Saved entries
+ + +

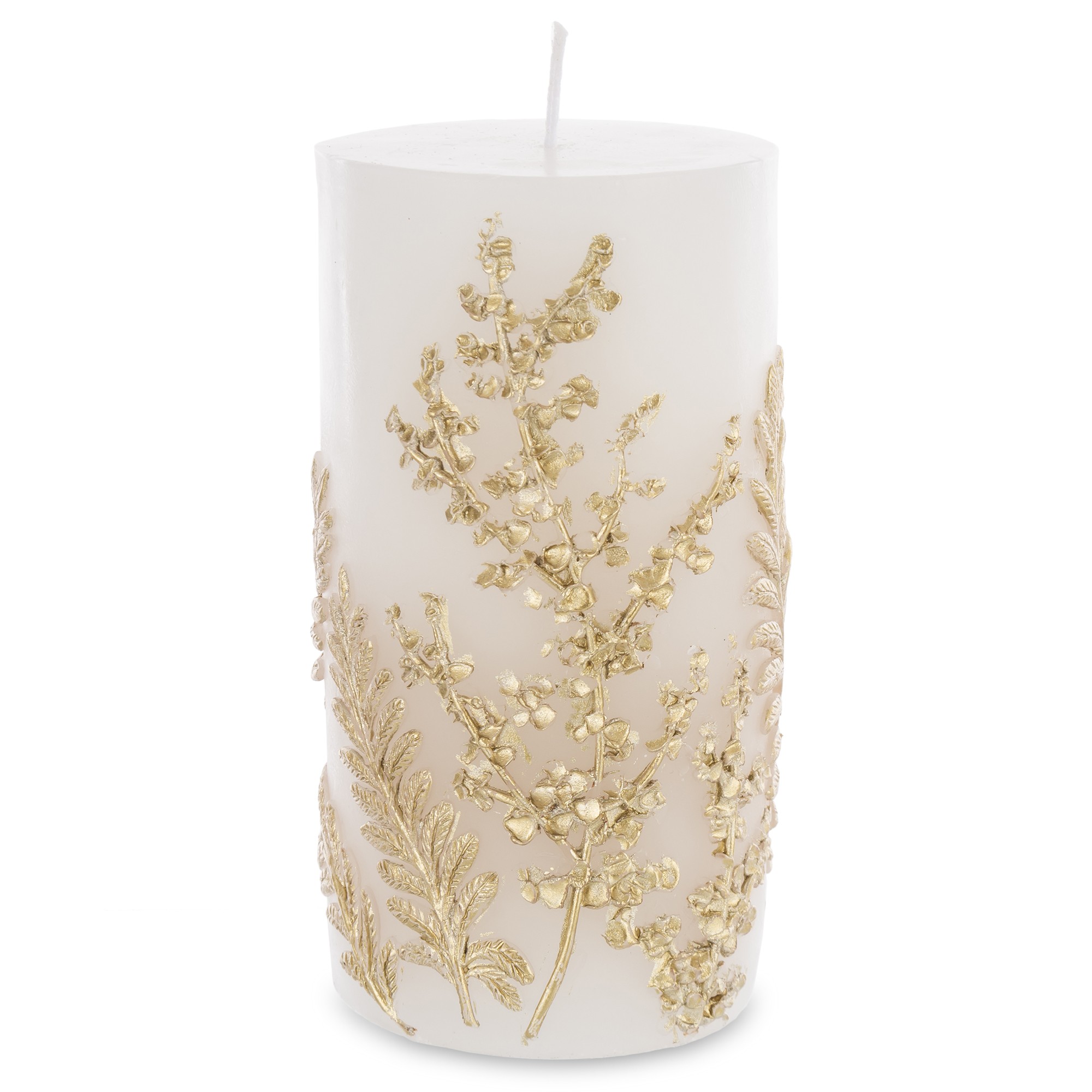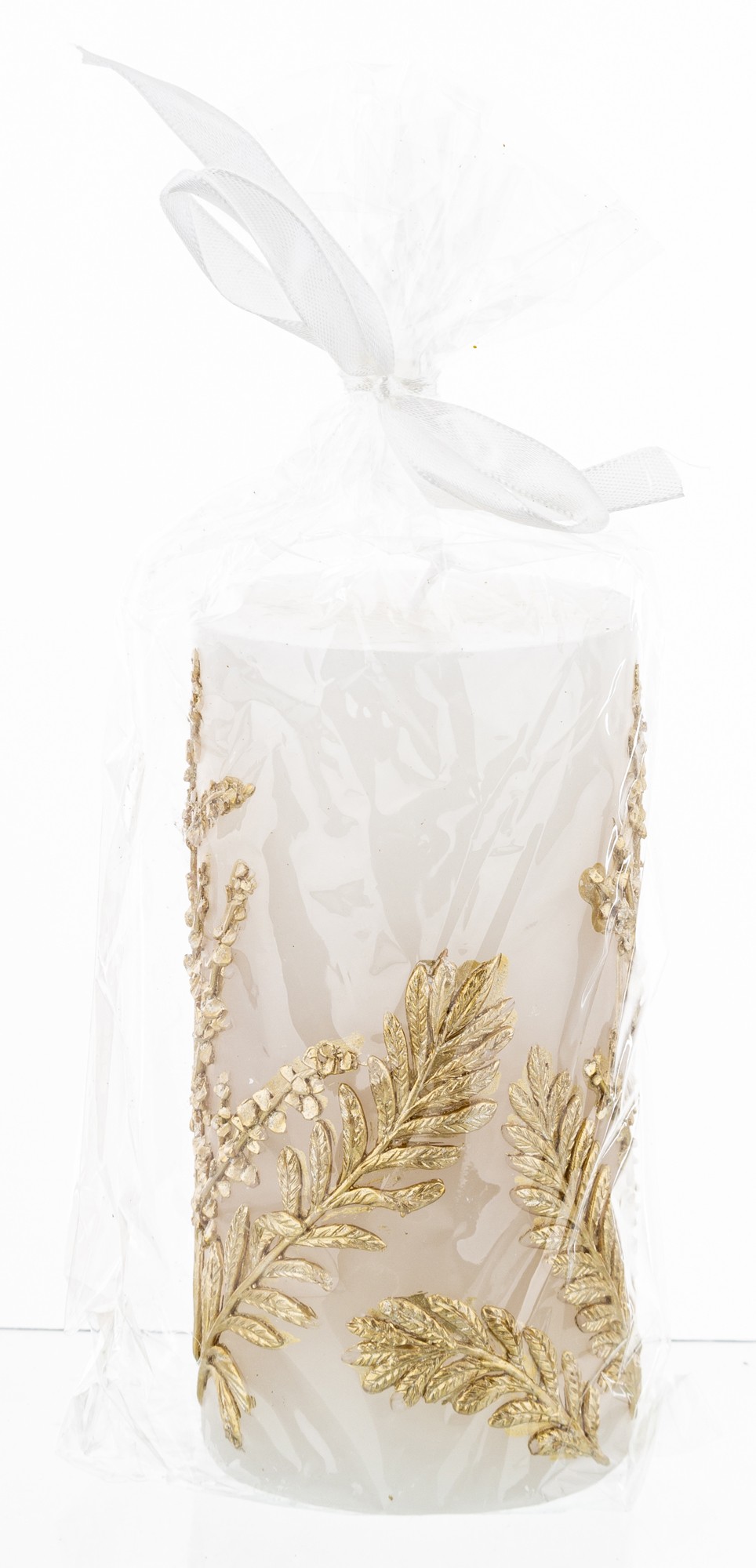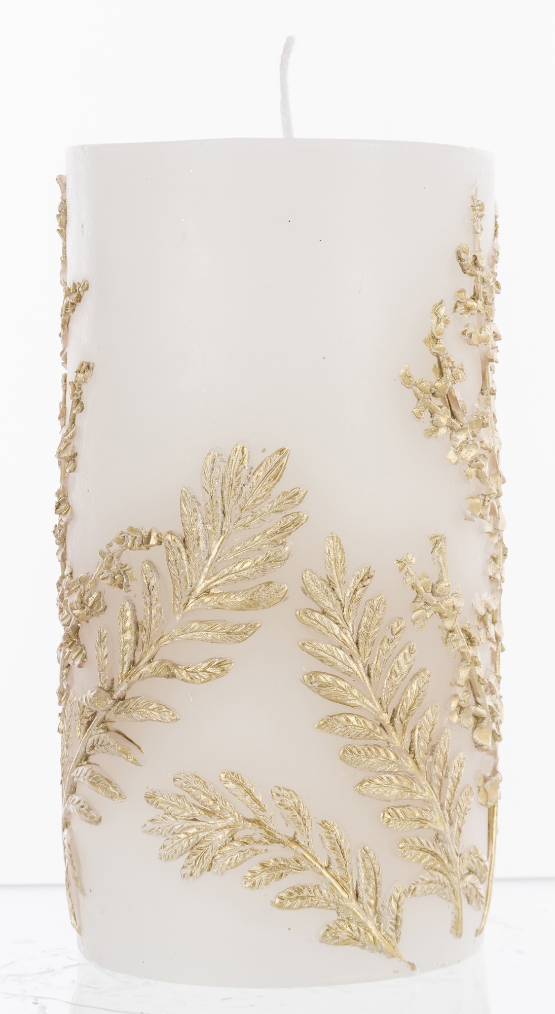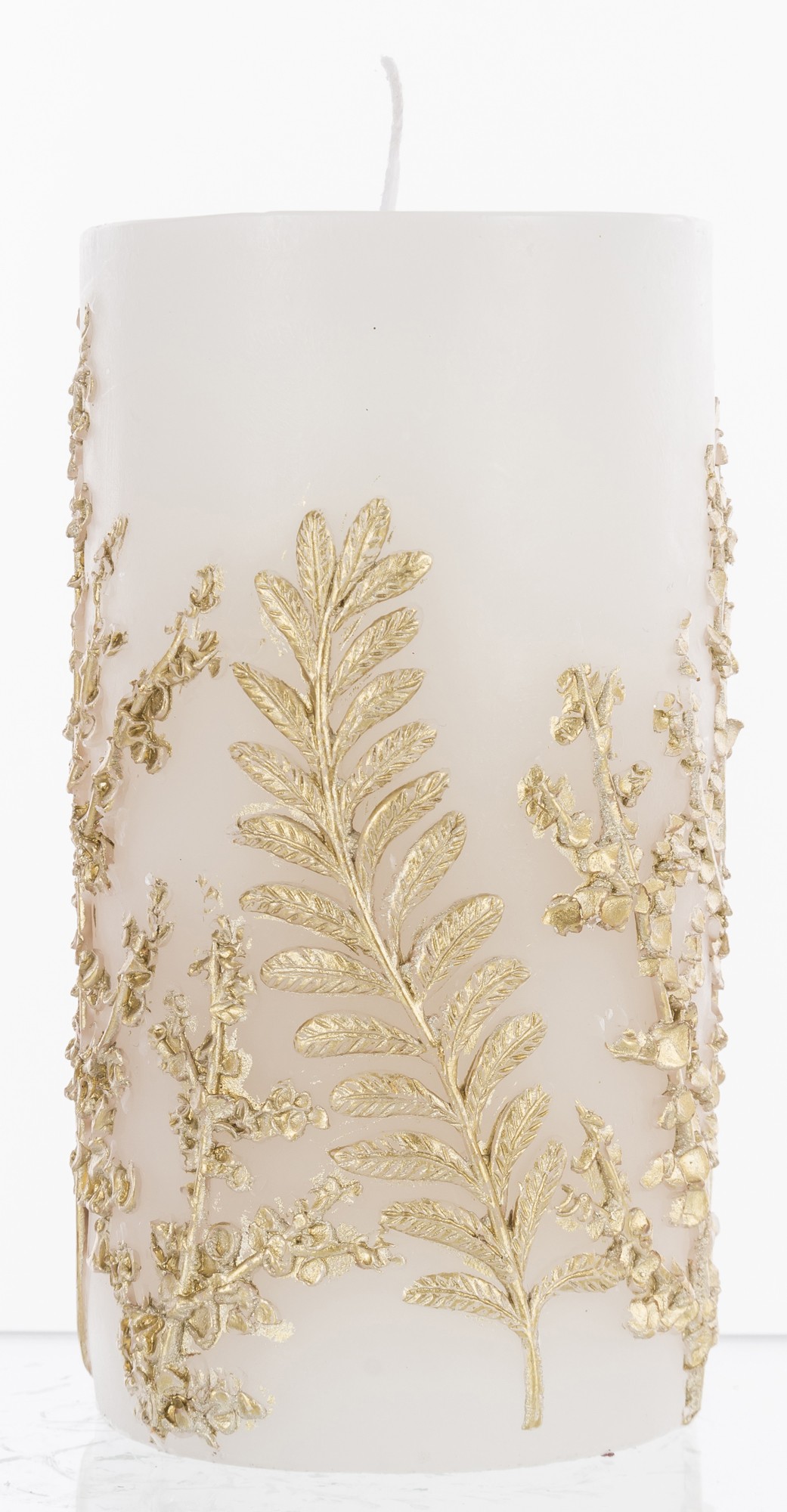 Pl Świeca Paproć Walec Średni Biały Złoto
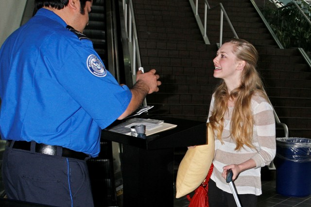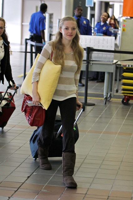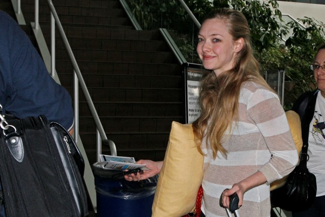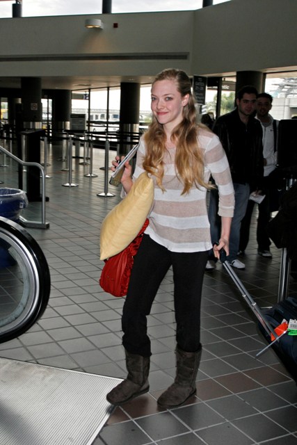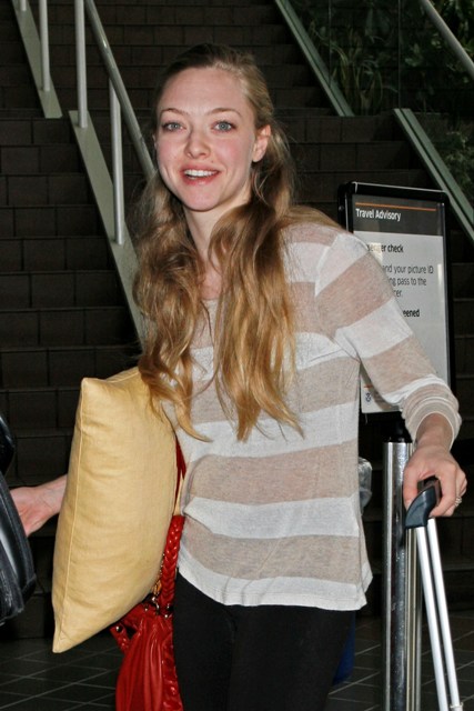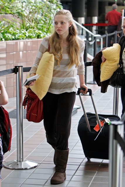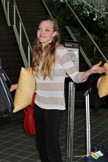 Amanda Seyfried has been shooting a new movie in Toronto. She was in LA for the weekend for the Oscars, then had to return immediately Monday back to work. Dominic Cooper went with her. This is Amanda arriving at LAX yesterday. Dominic met her later.
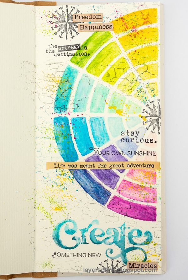 Anna-Karin made an art journal page this week and like Maura, she thought of color wheels. The color wheel was made with Tim Holtz Color Wheel Stencil and Distress Watercolor Pencils. It was paired up with stamps on the theme of travelling through creativity. Texture was added with the Simon Says Stamp Crackle Background.
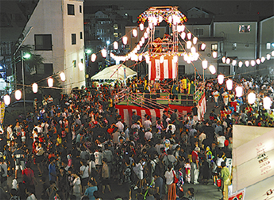 中山商店街協同組合(奥津守理事長)による盆踊り大会が先月31日、同商店街の第一駐車場を会場に行われた=写真。
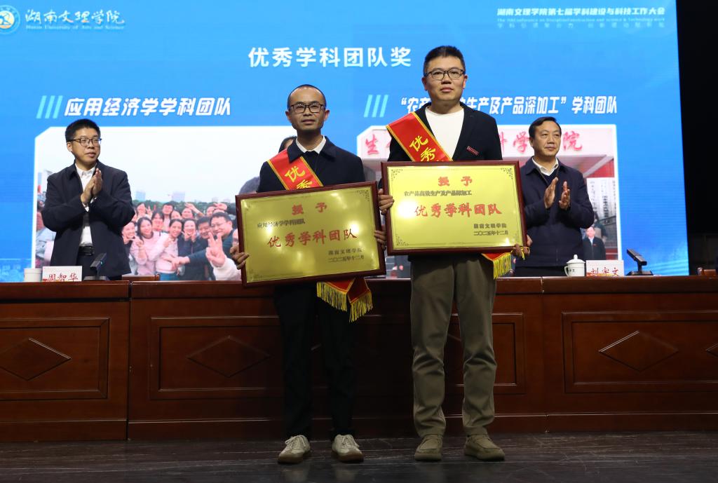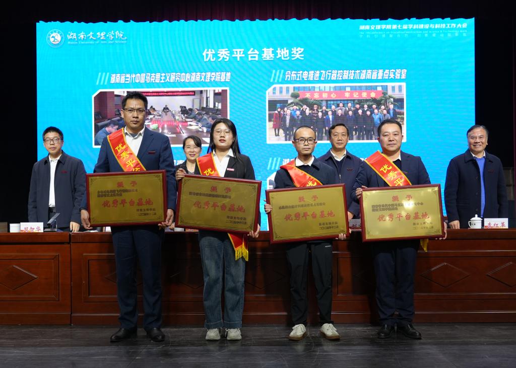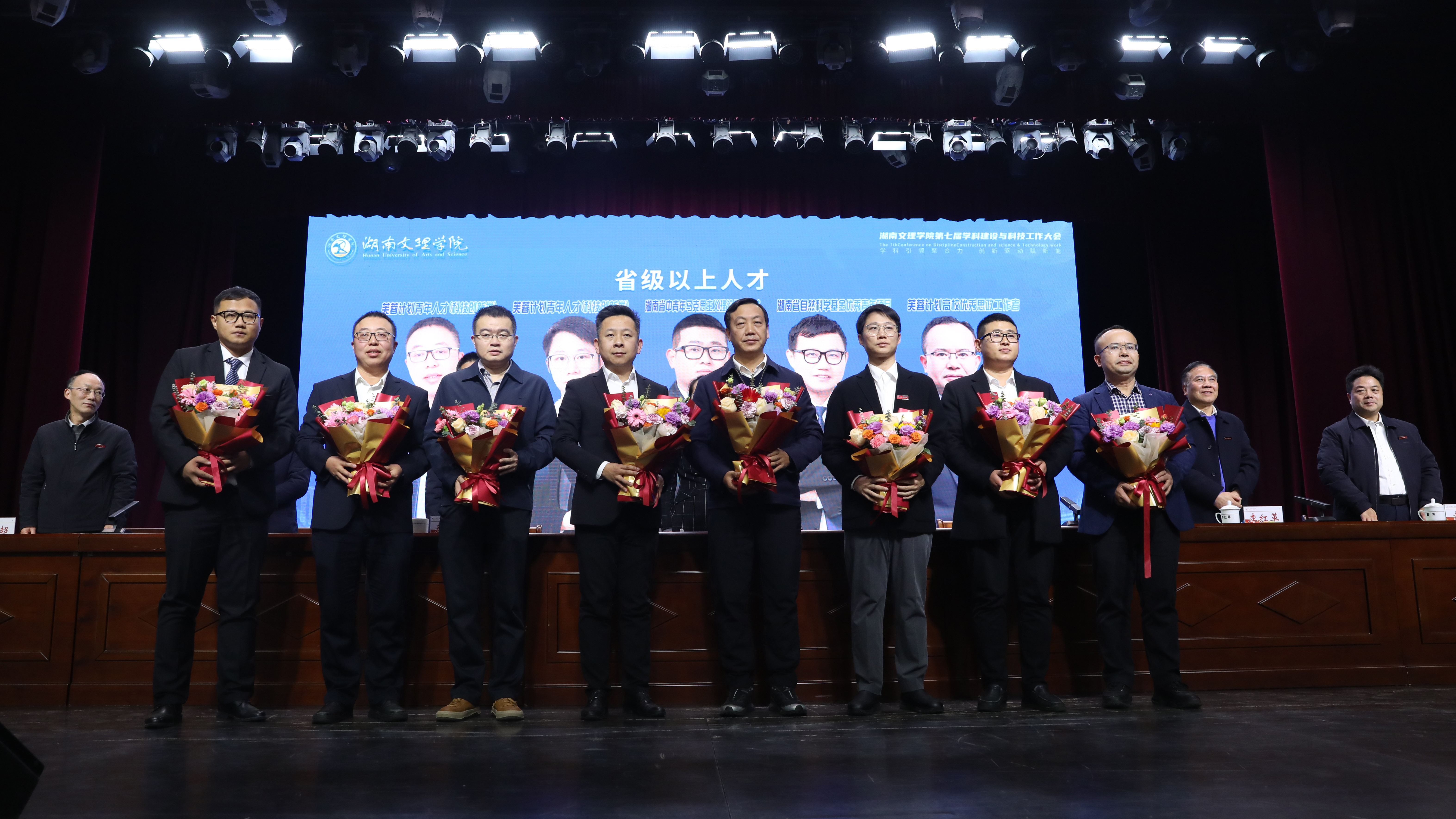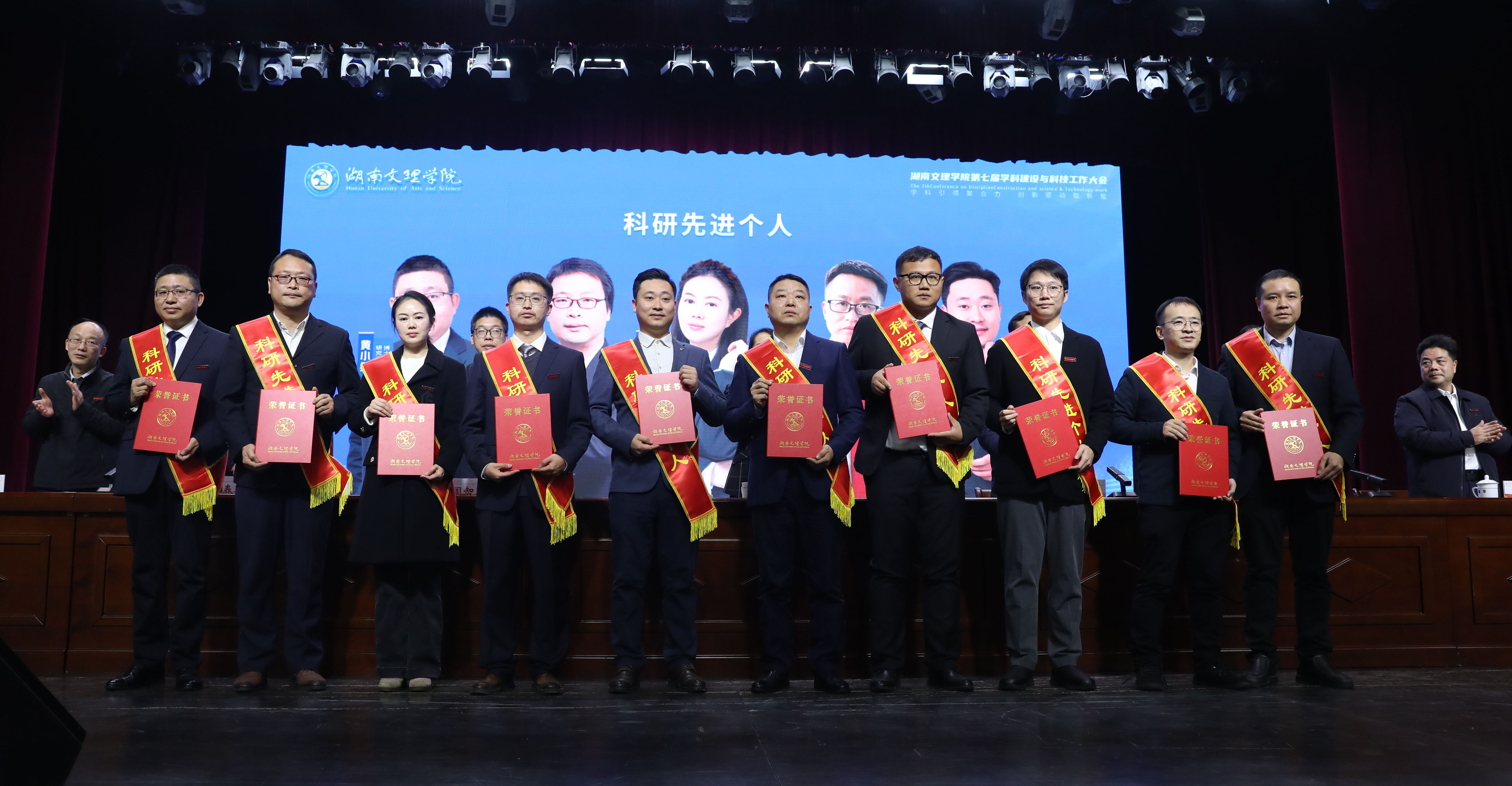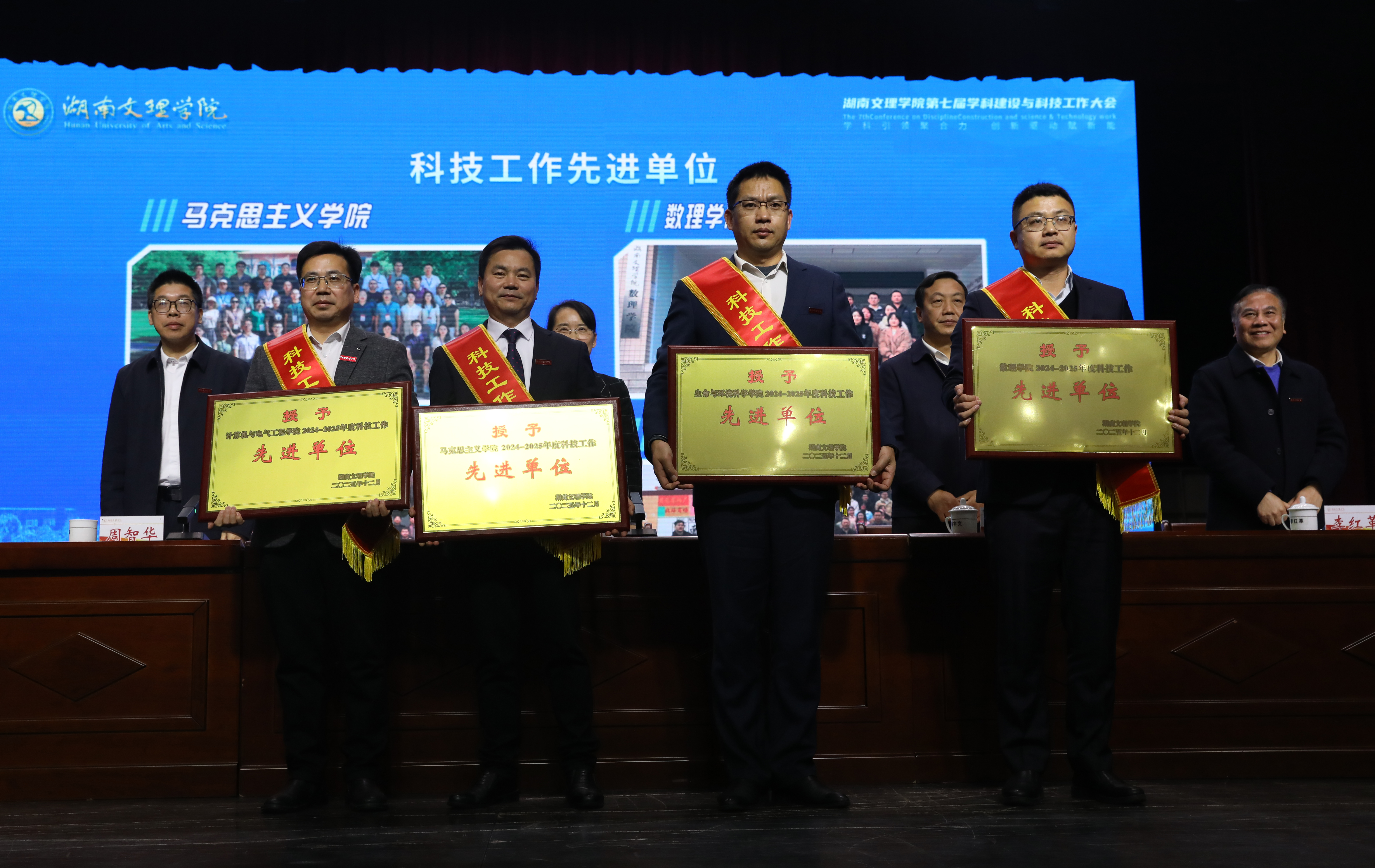 李红革宣读学校表彰决定,马克思主义学院等4个学院获评“科技工作先进单位”,应用经济学学科团队等2个团队获评“优秀学科团队”,湖南省当代中国马克思主义研究中心湖南文理学院基地等4个基地获评“优秀平台基地”,董树军等5名教师获评“科研标兵”,黄小兵等10名教师获评“科研先进个人”,肖安国等2名教师的科研成果获评“标志性成果奖”。会上还公布了学校2024-2025年新增省级以上人才称号。之后,主席台领导为获奖单位和个人颁奖。数理学院院长蔡剑华、化学与材料工程学院副教授张智、音乐舞蹈学院副院长曾娜妮先后代表科技工作先进单位、科研标兵、科研先进个人代表在会上发言。

+ + +

_TASK GOAL_.
The copy should hold exactly the lines from the line containing "Amanda Seyfried has" through the last line of the records, both included, and no pictures or other lines.

_YOUR RESPONSE_.
 Amanda Seyfried has been shooting a new movie in Toronto. She was in LA for the weekend for the Oscars, then had to return immediately Monday back to work. Dominic Cooper went with her. This is Amanda arriving at LAX yesterday. Dominic met her later.
 Anna-Karin made an art journal page this week and like Maura, she thought of color wheels. The color wheel was made with Tim Holtz Color Wheel Stencil and Distress Watercolor Pencils. It was paired up with stamps on the theme of travelling through creativity. Texture was added with the Simon Says Stamp Crackle Background.
 中山商店街協同組合(奥津守理事長)による盆踊り大会が先月31日、同商店街の第一駐車場を会場に行われた=写真。
 李红革宣读学校表彰决定,马克思主义学院等4个学院获评“科技工作先进单位”,应用经济学学科团队等2个团队获评“优秀学科团队”,湖南省当代中国马克思主义研究中心湖南文理学院基地等4个基地获评“优秀平台基地”,董树军等5名教师获评“科研标兵”,黄小兵等10名教师获评“科研先进个人”,肖安国等2名教师的科研成果获评“标志性成果奖”。会上还公布了学校2024-2025年新增省级以上人才称号。之后,主席台领导为获奖单位和个人颁奖。数理学院院长蔡剑华、化学与材料工程学院副教授张智、音乐舞蹈学院副院长曾娜妮先后代表科技工作先进单位、科研标兵、科研先进个人代表在会上发言。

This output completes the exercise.